1. Making comparisons: What similar emphases can you find in these three documents? What differences can you identify? Consider especially the relationship of individuals and the state.



Possible answers:

• Similarities include a rejection of parliamentary democracy, a rejection of Marxist socialism, and a rejection of Enlightenment ideas of

equality and inalienable personal freedoms. All three subjugate the liberties and rights of the individual to the needs of the state.

• Differences include the emphasis by Mussolini and Hitler on imperial expansion, the emphasis by Hitler on race and racial purity, and the emphasis of Japan on kokutai and the Emperor.

2. Criticizing the West: In what ways did Mussolini, Hitler, and the authors of Cardinal Principles find fault with mainstream Western societies and their political and social values?

Possible answers:

• All three reject parliamentary democracy, majority rule, and sovereignty resting exclusively in the population as a whole.

• They all reject Marxist socialism.

• They all found fault with Enlightenment ideas of universal equality and inalienable personal freedoms not subjugated to the needs of the state.

• They would not agree with the Western value of the primacy of the individual.

• Both Mussolini and Hitler also reject the permanence of state boundaries.

• Mussolini rejects pacifism and multiparty political culture.

3. Considering ideas and circumstances: From what concrete conditions did the ideas expressed in these documents arise?
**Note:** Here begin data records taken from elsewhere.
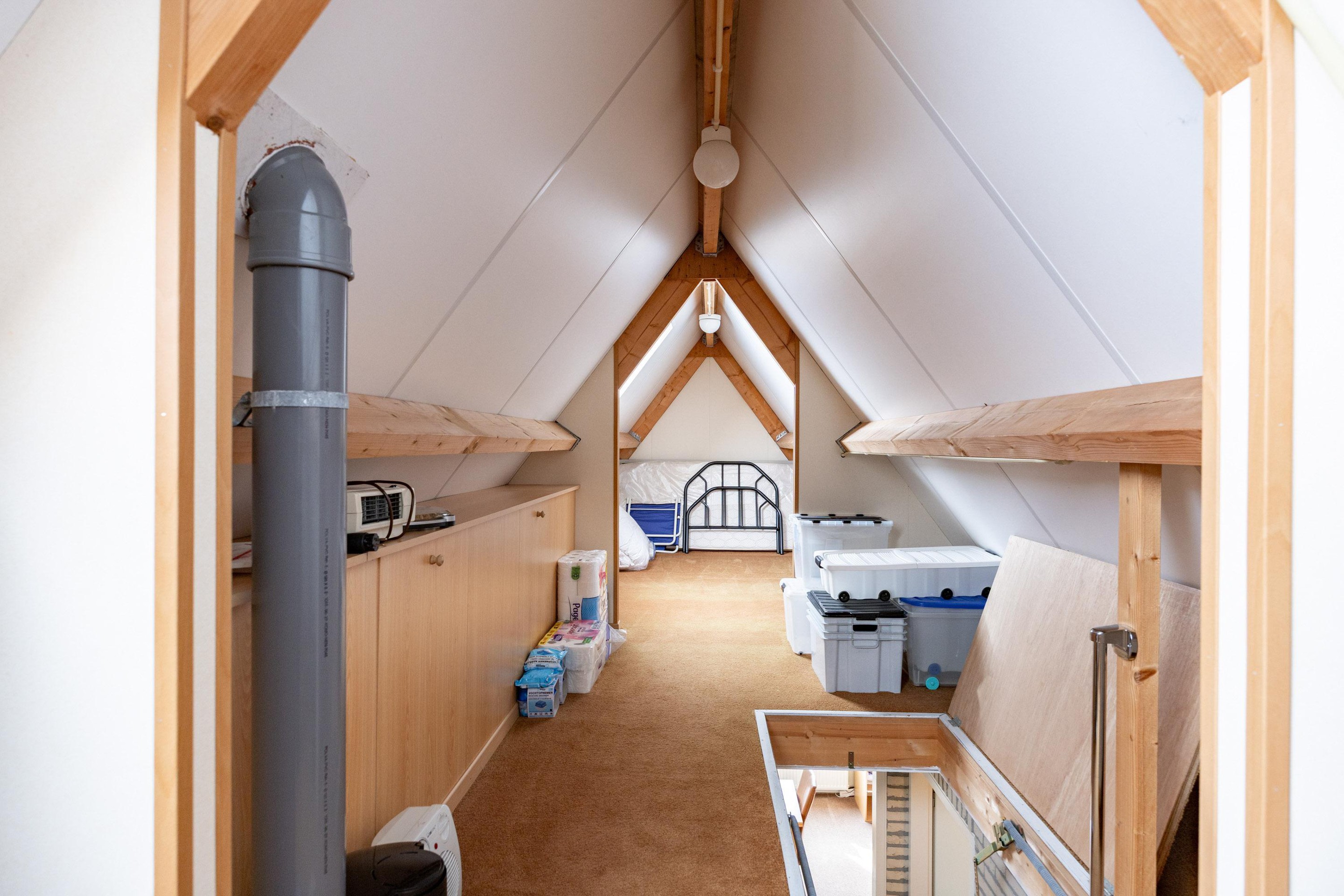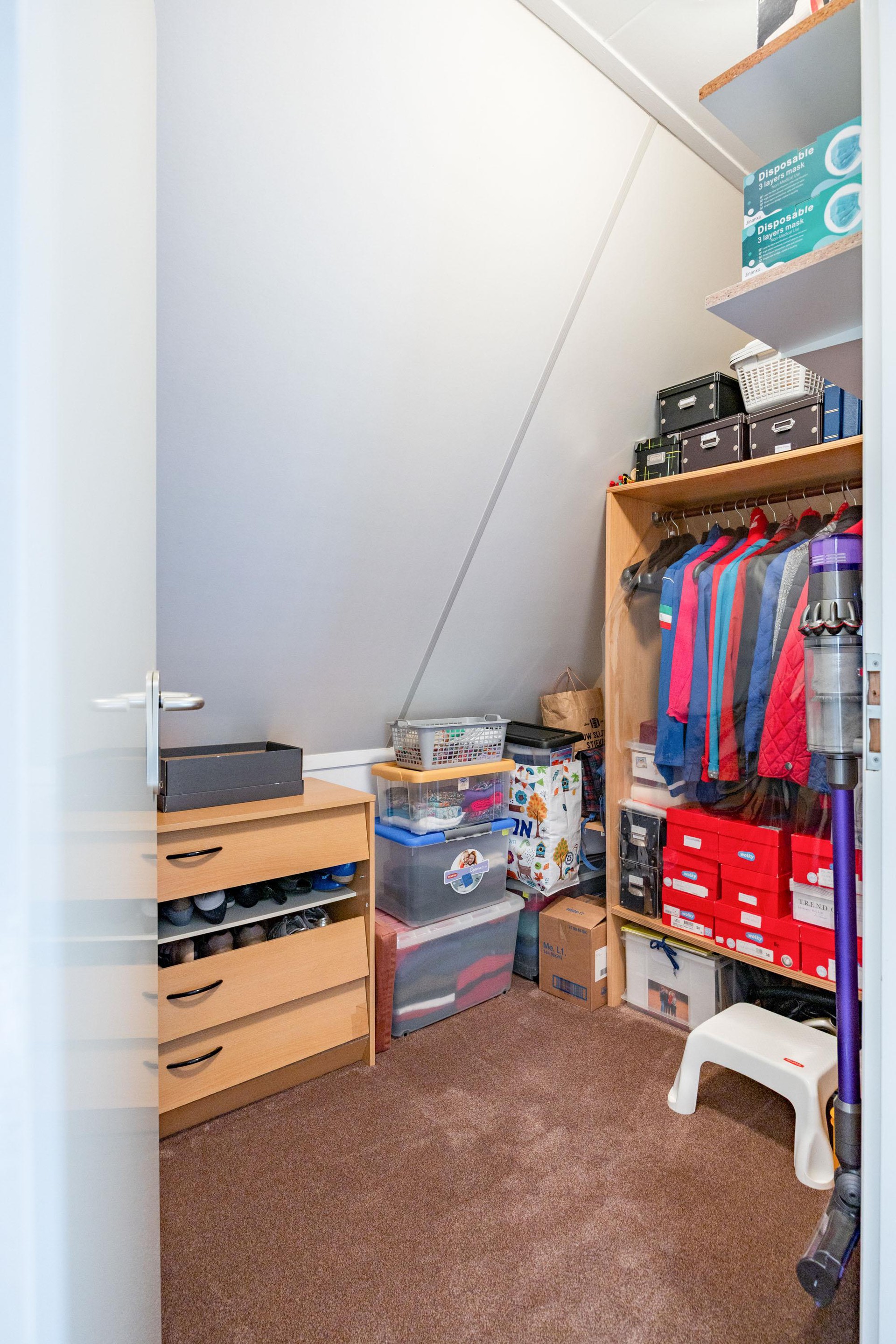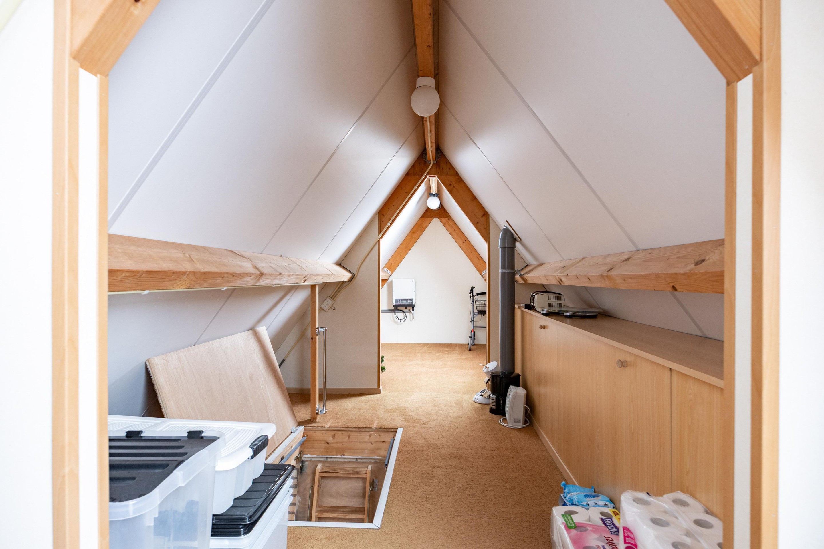 Via een vlizotrap bereikt u de ruime zolder met stahoogte. Deze verdieping op stahoogte biedt volop bergruimte.
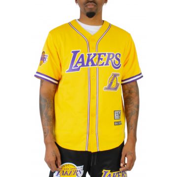 Show your team spirit with this Pro standard Lakers Baseball Jersey .The Los Angeles Lakers Baseball Jersey features a classic jersey loose fit, short sleeve style with screen-printed Los Angeles Lakers logo on the front chest and back.
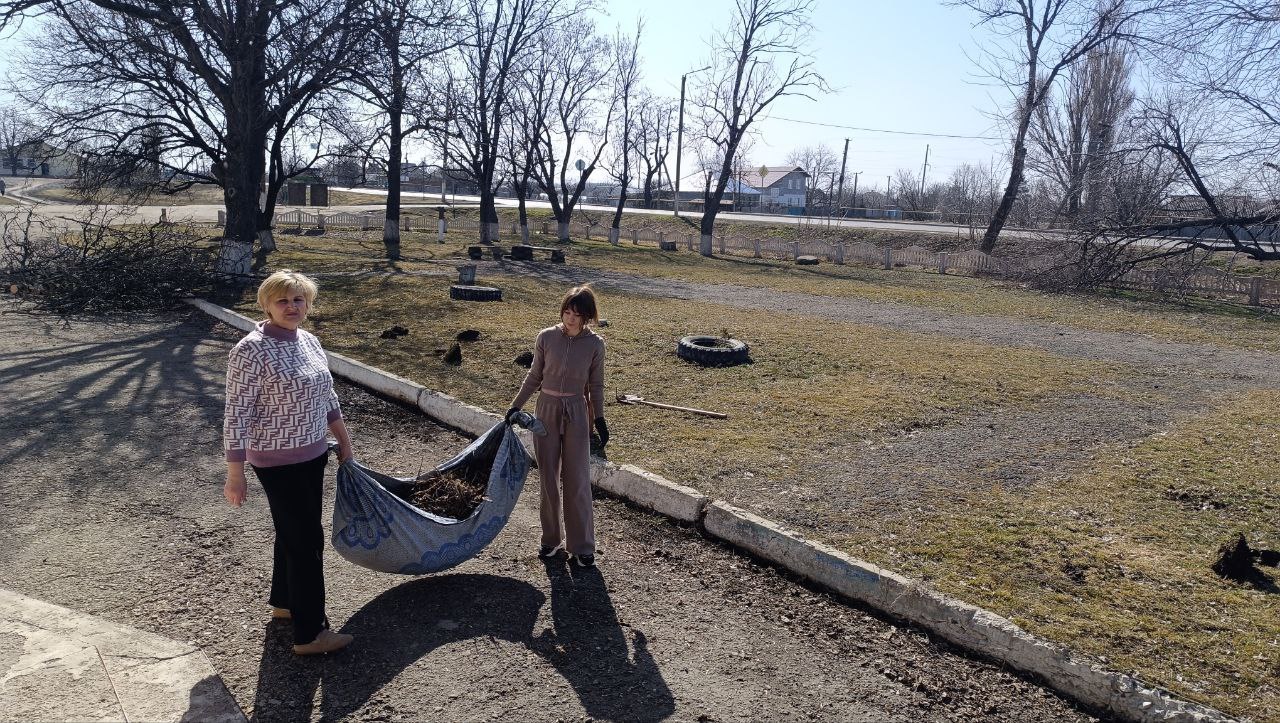 Работники местного клуба, убрали опавшую листву, спилили сухие ветки и несколько старых деревьев. Особое внимание уделили клумбе: пропололи, взрыхлили землю и посадили новые розы.

Why did they achieve such widespread popularity? You might even consider using these documents to make the case in favor of fascist or authoritarian government from the viewpoint of the 1930s.



Possible answers:

• Concrete conditions include the economic crisis of the 1930s; the emergence of Marxist socialist and Democratic socialist movements in Germany and Italy; ineffectual post–World War I democratic governments in Italy and Germany; bitterness at the loss of World War I in Germany; and reaction against Western influences in Japan.

• They may have achieved popularity because they promised stability in uncertain times; explained recent disappointments and provided positive visions of the future; and offered a clear identity for societies that had recently underwent profound changes.

• They emerged relatively swiftly out of the economic depression of the 1930s.

• They also provided reasons for recent defeats, periods of weakness, or periods of rapid social change that implicated not the population but outside influences like the foreign dominance of Italy, Hitler’s assertions about Jews, or the Cardinal Principle’s concerns about Western influences.

4. Considering ideas and action: To what extent did the ideas articulated in these documents find expression in particular actions or policies of political authorities?



Possible answers:

• In Italy, the alternative political systems that Mussolini criticized were suppressed. He did undertake an ambitious imperialist expansion; and instituted many of the policies, such as a system of syndicalism, that he argued made the fascist state revolutionary rather than reactionary.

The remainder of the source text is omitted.